When the narrator talks about “a language I’d once known but had nearly forgotten,” we become acutely aware of the gravity of Offred’s predicament. This spelling is a form of Thoughtcrime, in the rich tradition of Orwell.
Scrabble, of course, has implicit rules and relies on dictionaries to settle disputes, but one of the most interesting lines of the story means nothing at all. On the closet wall of her room, Offred finds scrawled therein “Nolite te bastardes carborundorum.” When she asks The Commander what it means, she gives away everything, that she knows the last handmaid also came to play. What it means is important to give Offred a reason to fight, but it’s also an important plot device.
These ovoid vowels also bring another thought to mind, one that I was keenly aware of from the offset. The text is saturated with so many pregnancy-like words. There is egg symbolism, when it rains the “smell of earth and grass [filling] the air” is gravid, and there are bellies. Bellies. BELLIES.
Or the sail of a ship. Big-bellied sails, they used to say, in poems. Bellying. Propelled forward by a swollen belly.
Bellies everywhere. Almost all the 13 occurrences of “belly” and 2 occurrences of “bellies” have to do with pregnancy. Sometimes this is literary belly comparison porn.
As a Post-Truth story, The Handmaid’s Tale extends the Stalinist ideas of 1984, merging them with religion now. It feels contemporary because of Trump’s “Fake News” diatribes on Twitter. Essentially, Post-Truth stories, whether authored in books or in social media, rely on building an illusory terrain of philosophy the target audience doesn’t question. Atwood did not invent anything here, but she did transform the state propaganda by lending it a sexist cult flavor. This feels like nova to me, though honestly, I haven’t read enough to know it’s her invention or something she borrowed. Either way, it works and is powerful.
Finally, I want to talk about her technique, not the humor, or how she uses dialogue. Actually the dialogue is noteworthy, especially the syntax:
Your mother’s neat, Moira would say, when we were at college.
Later: she’s got pizzazz. Later still: she’s cute.
She’s not cute, I would say. She’s my mother.
Jeez, said Moira, you ought to see mine.
I think of my mother, sweeping up deadly toxins; the way they used to use up old women, in Russia, sweeping dirt. Only this dirt will kill her. I can’t quite believe it. Surely her cockiness, her optimism and energy, her pizzazz, will get her out of this. She will think of something.

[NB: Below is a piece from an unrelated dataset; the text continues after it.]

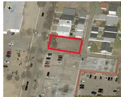
9115 143 St-Location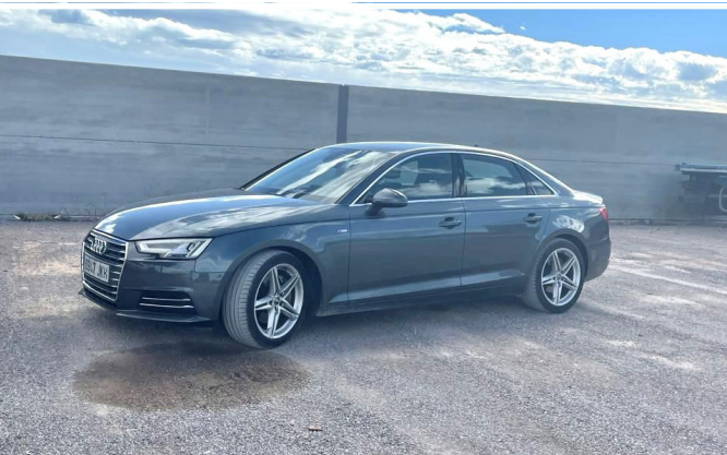
2015 AUDI A4 2.0TDI

So, it’s almost indistinguishable syntactically from the rest of the narration, which makes some sense, because of how the transcript is constructed, and this leads to one of the coolest aspects of the story.

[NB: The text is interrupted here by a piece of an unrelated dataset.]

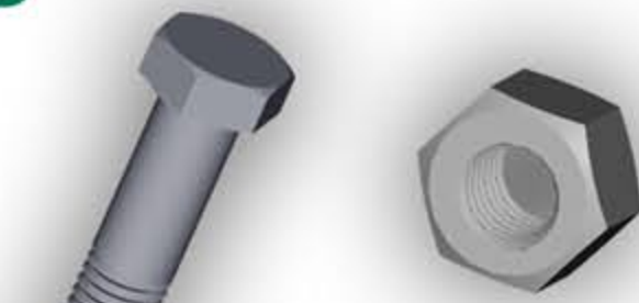
Hardware also available

The mixed up timelines lend authenticity to the text. Throughout the story, the timeline shifts from whatever the present is to Offred reflecting on her mother or Luke in the life before or their attempted escape, and then sometimes to their training with Aunt Lydia. There are three basic threads but it is very intertwined.
At the end of the story we are offered a plausible reason for this confusion. The professors who assembled the transcript worked from a set of unordered cassettes found in a military trunk. This one illumination was worth all their bad jokes.
Anyway, I really enjoyed the story. I had read it before but too long ago to remember how skillfully she weaved the tale.